- [SUPPLIED INFORMATION]
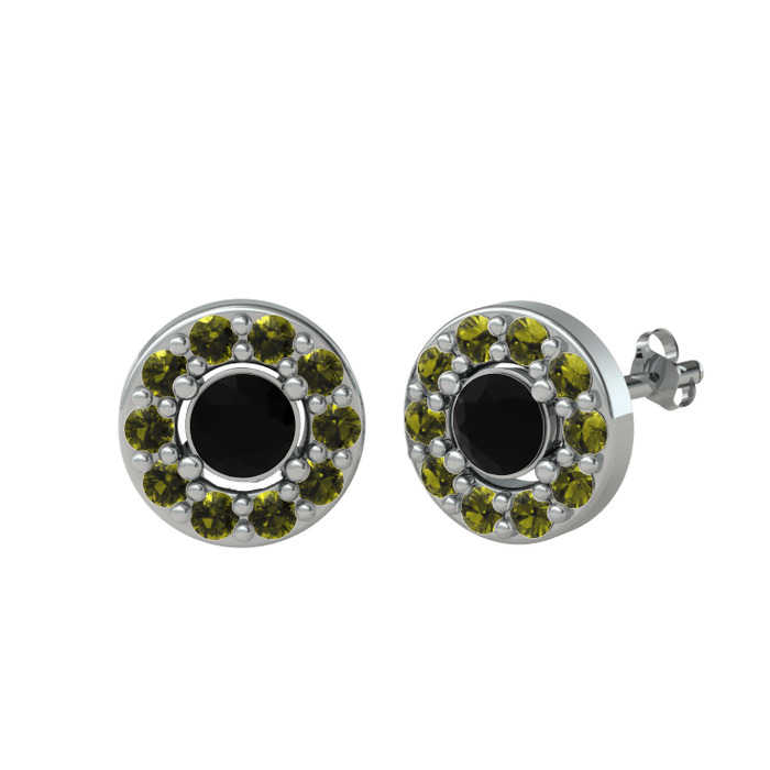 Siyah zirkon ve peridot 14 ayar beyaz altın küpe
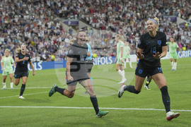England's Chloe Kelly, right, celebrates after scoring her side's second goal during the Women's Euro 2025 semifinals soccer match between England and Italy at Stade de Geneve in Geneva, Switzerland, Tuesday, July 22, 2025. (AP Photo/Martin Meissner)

--

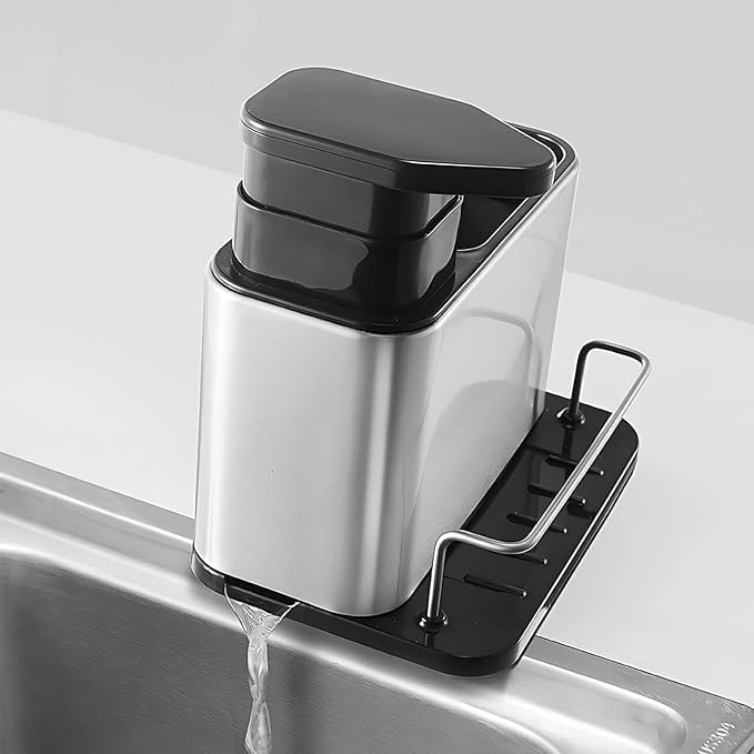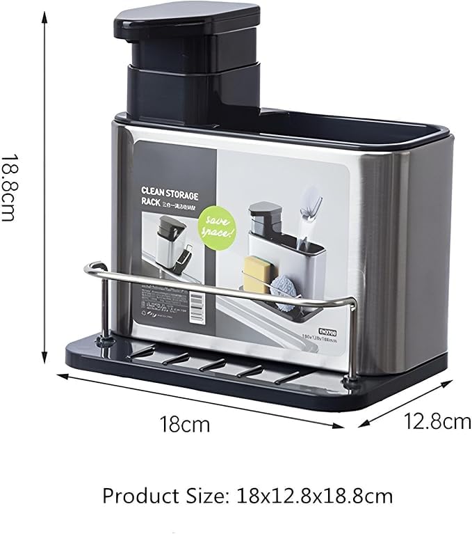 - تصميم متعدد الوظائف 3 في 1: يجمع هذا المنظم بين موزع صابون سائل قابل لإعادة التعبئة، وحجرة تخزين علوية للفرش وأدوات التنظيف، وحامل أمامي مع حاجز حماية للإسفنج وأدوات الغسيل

- [YOUR OBJECTIVE]
In the listing above, find the line containing "Siyah zirkon ve" and the line containing "England's Chloe Kelly, right, celebrates"; print those lines and every line between them exactly, leaving out pictures.

- [EXPECTED ANSWER]
 Siyah zirkon ve peridot 14 ayar beyaz altın küpe
England's Chloe Kelly, right, celebrates after scoring her side's second goal during the Women's Euro 2025 semifinals soccer match between England and Italy at Stade de Geneve in Geneva, Switzerland, Tuesday, July 22, 2025. (AP Photo/Martin Meissner)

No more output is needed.